• _What you are asked to do_: Range to copy from the entries below: the line containing "主坦锐雯/机器人:【日炎、救赎、龙牙、反甲、离子】等 ;" through the line containing "Na plus wypadają", inclusive. Retype only those lines, exactly, without any images.

(Records from a collection)
⁂
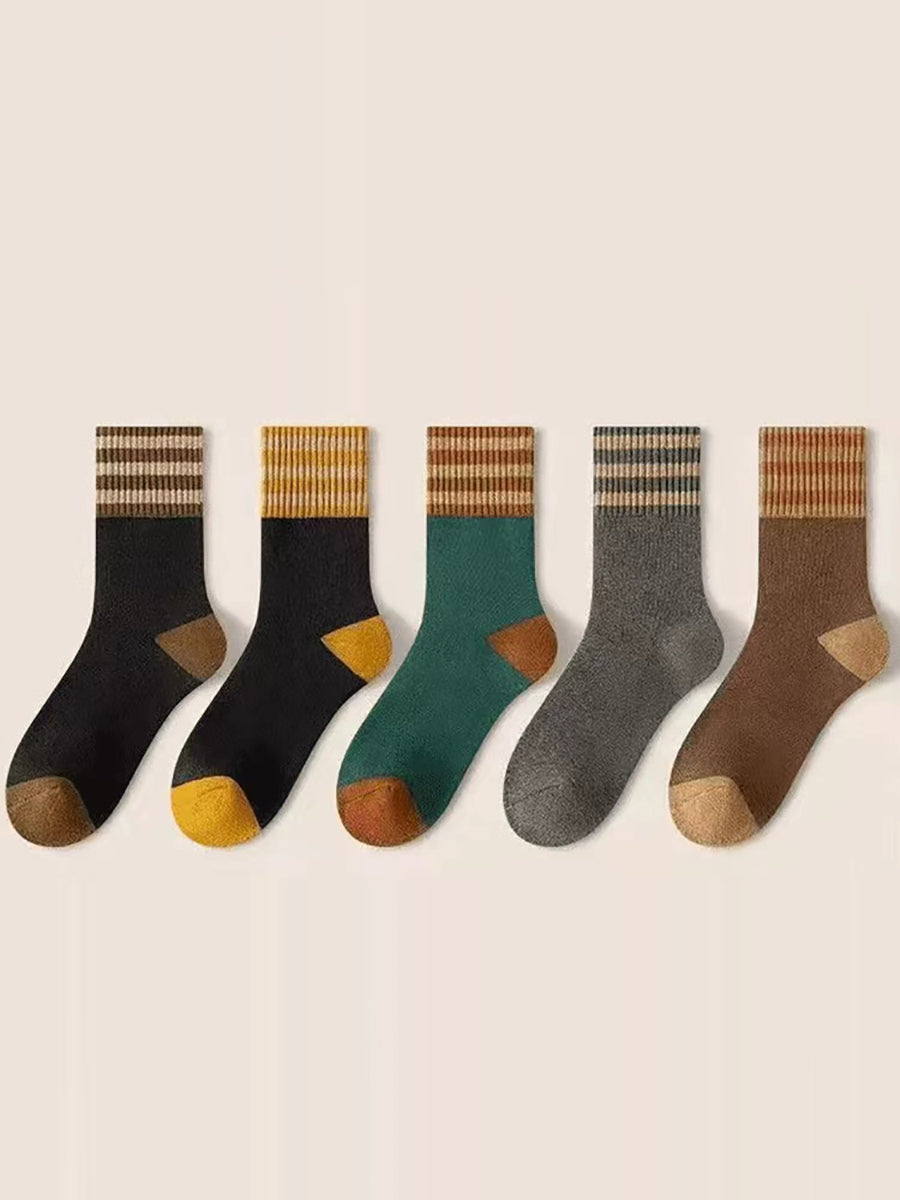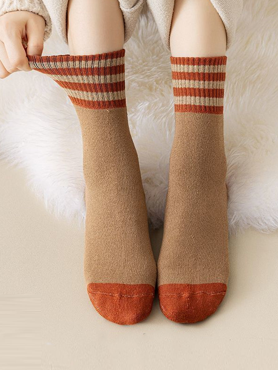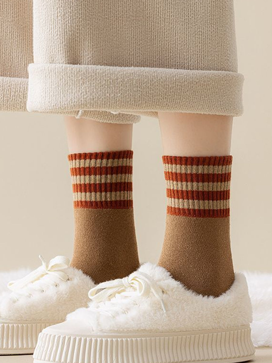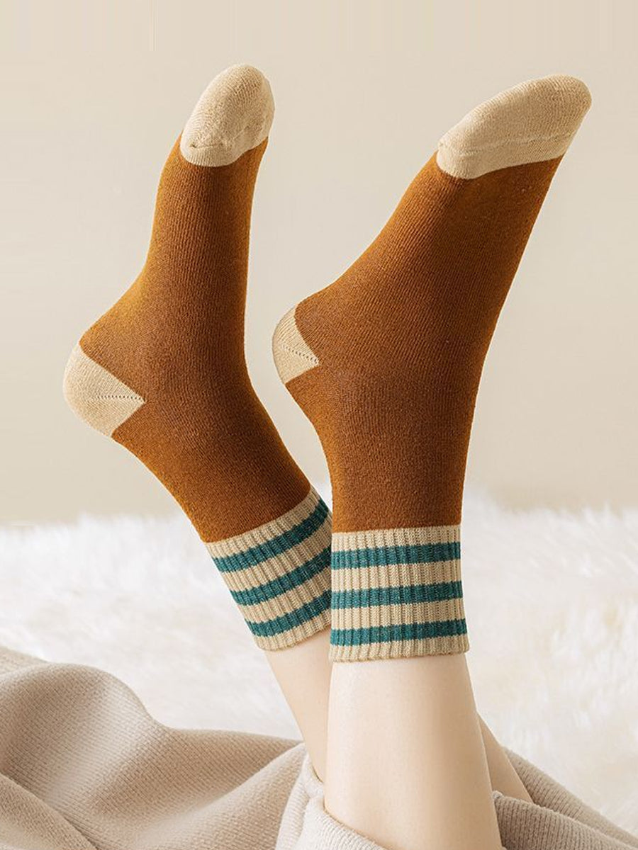 5 Pairs Women Winter Colorblock Stripe Socks
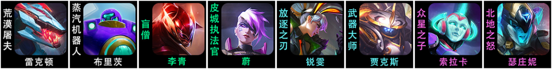 主坦锐雯/机器人:【日炎、救赎、龙牙、反甲、离子】等 ;
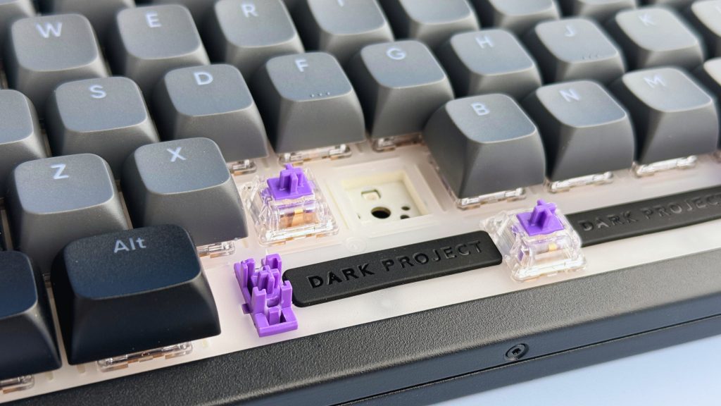 Na plus wypadają też dodatkowe przełączniki w zestawie. Dzięki nim możesz w kilka minut sprawdzić na żywo różnicę między Amethyst a innymi wariantami, założyć coś cięższego pod spację czy enter i zdecydować, czy jest sens kupować pełen komplet przełączników pod większy mod. Dokładnie do przetestowania dostajemy ultra cichy, liniowy g3ms Voidstone oraz taktylny g3ms Azure.
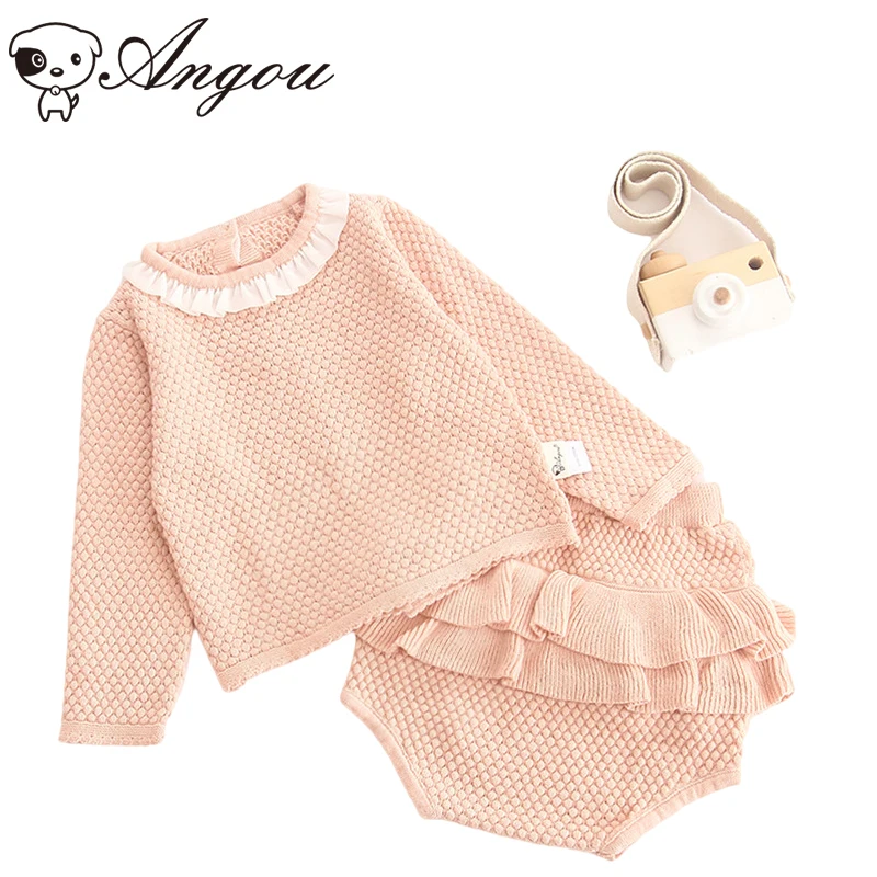 Осенний костюм принцессы Angou для маленьких девочек, свитер с длинным рукавом + юбка с листьями лотоса, трикотажный милый комплект, хлопковая одежда для малышей
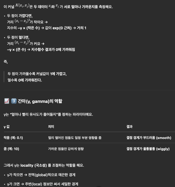 따라서 감마값을 너무 크게 잡으면 overfitting이 발생할 수도 있다는 것을
⁂
• _Result_:
 主坦锐雯/机器人:【日炎、救赎、龙牙、反甲、离子】等 ;
 Na plus wypadają też dodatkowe przełączniki w zestawie. Dzięki nim możesz w kilka minut sprawdzić na żywo różnicę między Amethyst a innymi wariantami, założyć coś cięższego pod spację czy enter i zdecydować, czy jest sens kupować pełen komplet przełączników pod większy mod. Dokładnie do przetestowania dostajemy ultra cichy, liniowy g3ms Voidstone oraz taktylny g3ms Azure.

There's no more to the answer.